Another criticism of the winner-take-all system is that when such a large portion of the country’s population has an important role in electing the president, it cannot be considered democratic. However, those big states with more electoral votes are the states where the presidential campaigns are the most competitive, and where the populations are more diverse. Therefore, to win in these big states, it is demanded that the candidates accentuate in consensus rather than division. Also, it is often criticized that larger states often represent the interests of racial minorities that are more populated in these states; it is a well known fact that whites in California are considered minorities due to the exceedingly high population of Hispanics, Asians and Mexicans (Frank Pellegrini). “For a country in which one of the fundamental tenets is the balancing of minority rights and majority rule, such a “bias” is much more of an advantage than a disadvantage.” (Robert D. Brown)

Based on the aforementioned arguments pertaining to the fact that the Electoral College is a corner stone of the fundamental principles of the Constitution, the negative side calls for rejection of the proposal - Be it resolved that the US congress amend the constitution to eradicate the Electoral College in favor of popular vote.
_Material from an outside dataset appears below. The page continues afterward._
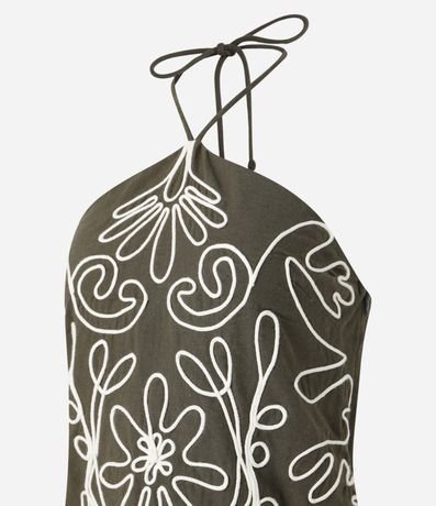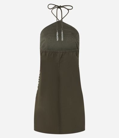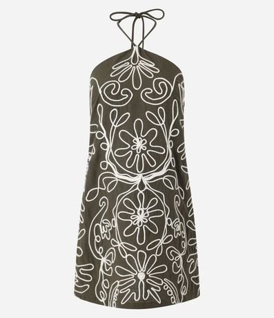Ref: Vestido curto confeccionado em algodão e linho. De estilo frente única, a peça possui amarração no pescoço e bordado em corda.

Abolishing the Electoral College would grant more power to bigger states and less power to smaller states, intruding the fundamental principles of the US constitution. Also, the practice of the system allows the incredible political diversity throughout the nation to be accounted for. This is a deep-seated principle in the constitution since one of the major themes of the constitution is: “the balancing of state and national concerns, and the safeguarding of minority rights within a framework of majority rule.” Another constructive element of the Electoral College system is the fact that it encourages presidential candidates to put more emphasis on consensus rather than division of political views. By balancing the rights of states within a federal electoral structure, the Electoral College continues to be a important component of the presidential selection process. For the reasons stated above, the negative side calls for rejection of the US’ Congress amending the Constitution to eradicate the Electoral College in favor of popular vote.

Work Cited

Diamond, Martin. The Electoral College and the American Idea of Democracy. Washington, D.C.: American Enterprise institute for Public Policy Research, 1997.

Brown, D. Robert., edited by Gary L, Rose. NO, The Electoral College Should Not Be Abolished: Controversial Issues in Presidential Selection. SUNY Press, 1994.

Maitreg. Electoral College. “http://www.maitreg.com/politics/articles/electoralcollege.asp.”

Best, Judith. The Case Against Direct Election of the President: A Defense of electoral college. Ithaca: Cornell University Press, 1975.